TriZetto data breach compromised health data of over 3.4m U.S. individuals

TriZetto Provider Solutions, a leading provider of revenue cycle management services to healthcare organisations in the U.S., has announced that a data breach it detected in October compromised the personal and healthcare information of more than 3.4 million individuals.

 

The Cognizant-owned revenue cycle management company made the announcement in a data breach notification shared with the Attorney General of Oregon earlier this month. The company stated that the theft of personal and healthcare information of affected individuals began in November 2024 and continued until it was discovered and contained.

 

According to HIPAA Journal, TriZetto also informed the Texas Attorney General that the data breach incident impacted as many as 171,158 Texas residents, and made similar reports to the Attorney Generals of California, Massachusetts, New Hampshire, and Vermont without declaring the number of affected individuals from the respective states.

 

The company stated in its data breach notifications that the incident compromised affected individuals’ names, addresses, Social Security Numbers, dates of birth, medical information and health insurance information.
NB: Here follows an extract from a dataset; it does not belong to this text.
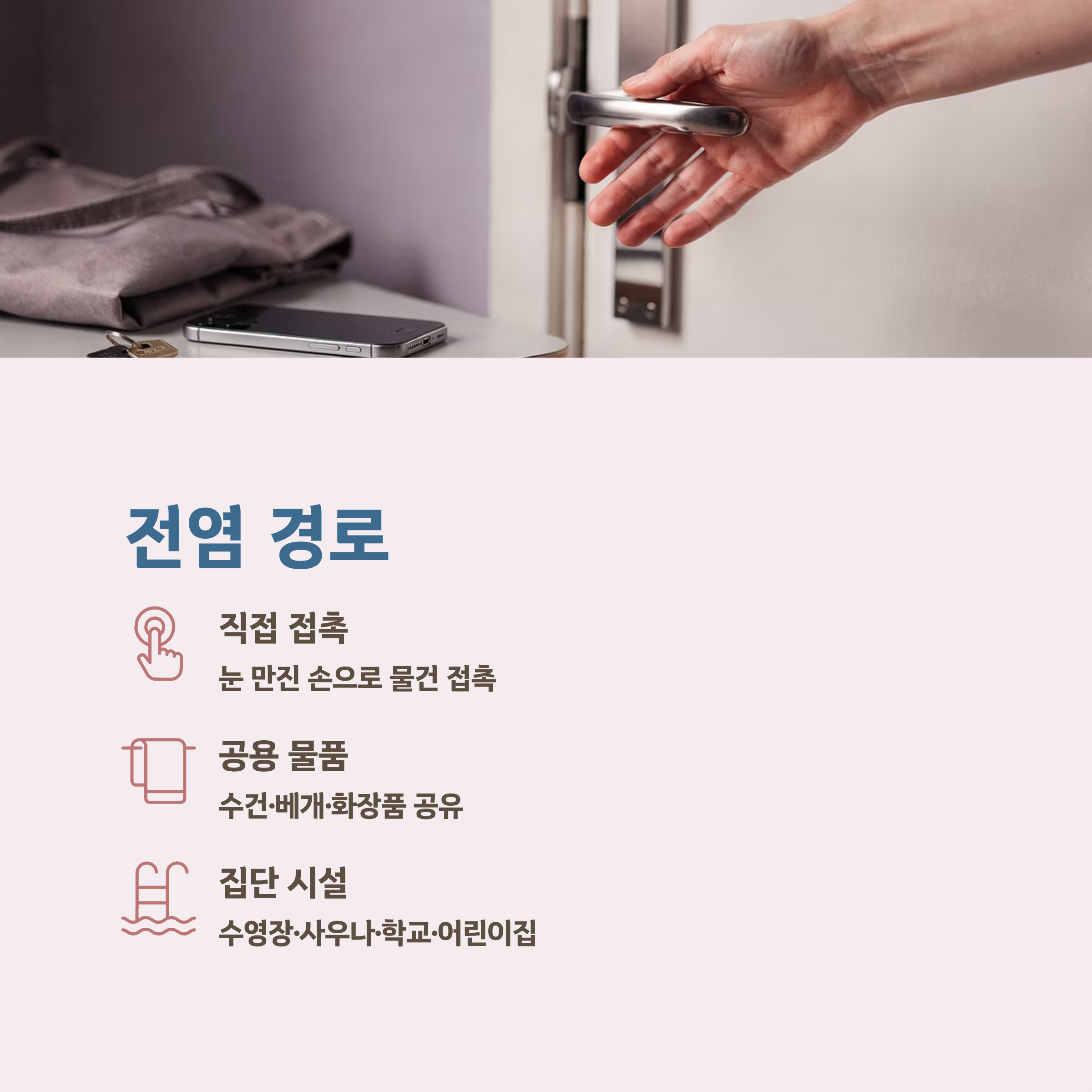 - 문손잡이, 휴대폰, 책상 등 공용 물건 접촉

The company did not state the number of affected physicians, clinics or healthcare organisations that avail its services directly or through intermediaries.

 

TriZetto has now started sending breach notification letters to affected individuals, stating the chronology of the incident, how much data was impacted and the steps it has taken to remediate the incident. Attorney Generals at several states have also started receiving breach notification letters from HIPAA-covered healthcare entities that were affected as a result of the data security incident at TriZetto.

 

One such notification filed by Gardner Health Services with the Attorney General of California stated that TriZetto first detected unauthorised access to a web portal, used by healthcare organisations to access its systems, on October 2, 2025, but later determined that the unauthorised access first occurred in November 2024, almost a year before it was discovered.

 

"TPS determined that, beginning in November 2024, an unauthorised third person began accessing some records related to insurance eligibility verification transactions that healthcare providers process to assess insurance coverage for treatment services they provide to patients," Gardner said.

 

"A thorough review of the affected data was conducted to identify what information was involved and the individuals to whom the data related. On or around November 28, 2025, TPS learned that the affected data may have included your name, address, date of birth, Social Security number, health insurance member number (which, for some individuals, may be a Medicare beneficiary identifier), provider name, health insurer name, primary insured information, and other demographic, health and health insurance information.

 

"The incident did not affect any payment card, bank account, or other financial information. At this time, we are not aware of any identity theft or fraud related to the use of any affected individual’s information, including yours," the provider added.  

 

TPS informed its healthcare industry customers that after discovering the breach, it promptly took measures to secure its systems and kicked off an investigation with help from leading cyber security experts. The company is implementing additional security protocols to enhance the security of its services and is offering free-of-cost credit monitoring, credit reporting and credit score services for one year.